● **What to produce**: Retype only the lines from the top of the records to the line with "link van noot.", including that line but none of the pictures.

Data excerpts:
-- Opening Marker --

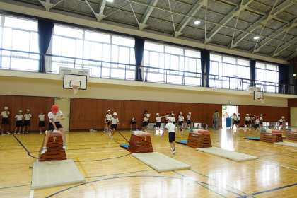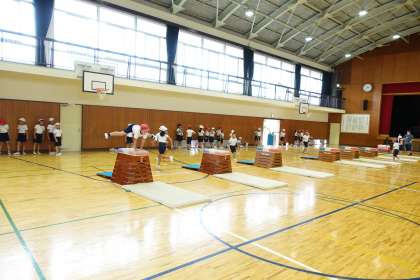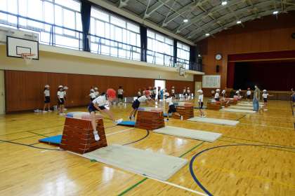 3年2組です。跳び箱の授業でした。
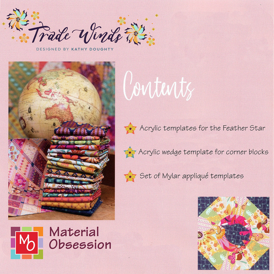 The set includes Acrylic templates for the Feather Star, Acrylic wedge template for corner blocks and set of mylar appliqué templates.
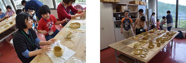 | 第2回目スタートの活動は陶芸体験です。当センターで活動されている水陶会の皆さんに教えていただきながら作品を作りました。粘土を捏ねたり、伸ばしたりしながら、お皿やコップ、キャラクターの形など、思い思いの作品を作り上げていました。集中して作品作りに取り組む姿が印象的でした。 |
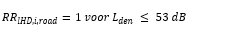 ** Alleen voor de geluidbron wegverkeer is in de regeling een werkwijze beschreven voor de berekening van het relatieve risico (RR) van ischemische hartziekten (IHD). Terug naar link van noot.
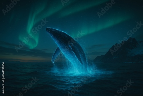 whale, ocean, aurora, borealis, northern, light, nature, wildlife, sea, water, sky, night, star, mountain, landscape, animal, creature, marin, mammal, majestic, powerful, blue, glowing, vibrant, spectacle, natural, phenomena, underwater, deep, fantasy, dreamlike, aethereal, magical, serene, peaceful, adventure, exploration, discovery
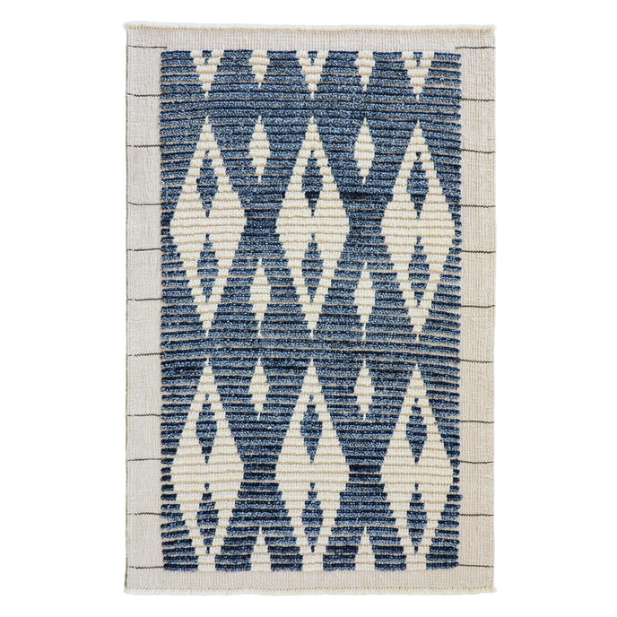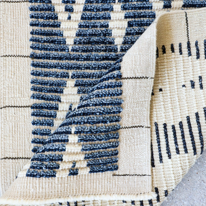 This new Turkish handwoven rug has a beautiful blue background with off white accents. We call this design the "modern tulu" which describes the new take on the classic tulu rug with a thicker pile.

-- Closing Marker --

● **Exercise answer**:
 3年2組です。跳び箱の授業でした。
 The set includes Acrylic templates for the Feather Star, Acrylic wedge template for corner blocks and set of mylar appliqué templates.
 | 第2回目スタートの活動は陶芸体験です。当センターで活動されている水陶会の皆さんに教えていただきながら作品を作りました。粘土を捏ねたり、伸ばしたりしながら、お皿やコップ、キャラクターの形など、思い思いの作品を作り上げていました。集中して作品作りに取り組む姿が印象的でした。 |
 ** Alleen voor de geluidbron wegverkeer is in de regeling een werkwijze beschreven voor de berekening van het relatieve risico (RR) van ischemische hartziekten (IHD). Terug naar link van noot.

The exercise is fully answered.